Fear of not spending precious time the way it ought to be spent, like, totally objectively.
Fear of regret.
Fear of regret.
Yeah, that’s it. Regret.
I picture myself – and I know that I am not the only one – x amount of years down the line, wishing that “shit, I should not have wasted those precious years, man.”
Wasted them, doing what, exactly?
…Shit. Enjoying life, I guess.
In this town, I see so much pleasure and love. Like, all of my peers are in some way or another living their dreams… I say peers, and it is an interesting choice of word, since our ages can differ greatly. I sometimes hear myself speak of a span of ages concerning my peers – Usually I’ll talk about “18-28”, but that’s admittedly just to make it rhetorically sexy. 18-Death is probably more true. We all washed ashore in these mountains at a given point, and we now live here in the same kind of carpe-diem paradise, doing what we love to do and struggling, oh, struggling so hard to not feel guilt in the meantime.
Fear of guilt?
I also often talk about a certain type of citizen who seems to have washed away this emotion, and I always feel like the detergent has been investing their time in a sustainable future regardless of which path they should end up on… Jesus, the vagueness of words going on here. I guess what I’m getting at is that most of us would probably agree that the quotidien tends to be pleasurable to the point where it would be easy to one day wake up and be 40, and still be waiting the same tables as one did at 18, or cleaning the same chalets, or driving the same busses. Fair enough, right? But then there is the concern that ones path might – for example – merge with that of someone else’s, and that perhaps a long-term-secure-life-with-children-and-security will be desired… And suddenly, no one can find anything positive to say about the waitress-life, housekeeping-life or taxi-life.
So yeah, fear of not investing one’s time properly… Even though I’m having the time of my life. I sometimes, right after my breakfast and coffee, find myself lounging in some relaxed and pleasurable activity (and yes, this includes ski-touring, rock-climbing, snowboarding, trail-running, whatever), and thinking “shouldn’t I be doing some more productive with my time? At the fucking hight of my capability? 25 years old, intelligent, driven, beautiful. Here I am on some mountain, strapped into some gear, not doing anything that will matter in 100 years.”
It can’t be true… I want to believe that a mosaic will shape itself naturally – that life will not be divided into a before/after, a playtime/worktime, that suddenly a path will emerge that my 25-year old self would have considered worthy of the future.
Maybe the fear of falling is linked to the fear of possibly wasting ones time… When I am climbing I tend to hear that voice, that fear surging up from inside of some deep and ancient place in my brain, asking me what the fuck I am doing?

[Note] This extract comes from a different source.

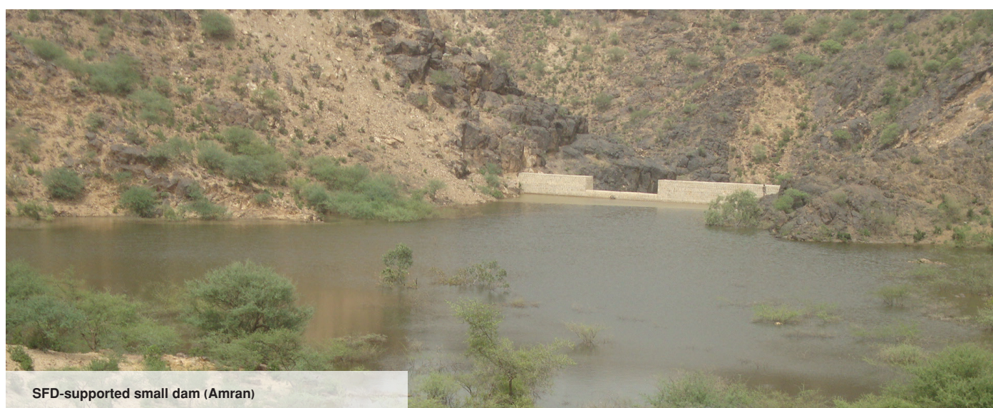
SFD-supported small dam (Amran)

Even though, technically, I know that I am safe. Sure, I may be situated several meters above my latest quickdraw, and the possibility of injury may be very real… But that voice in my head screaming death and mayhem does not seem very logical. Just as the voice that creeps in at night, asking if I shouldn’t be in some school-bench in the process of becoming something that will make me rich, seems equally void of logic, because I already am feeling rich. And afraid. But happy (?)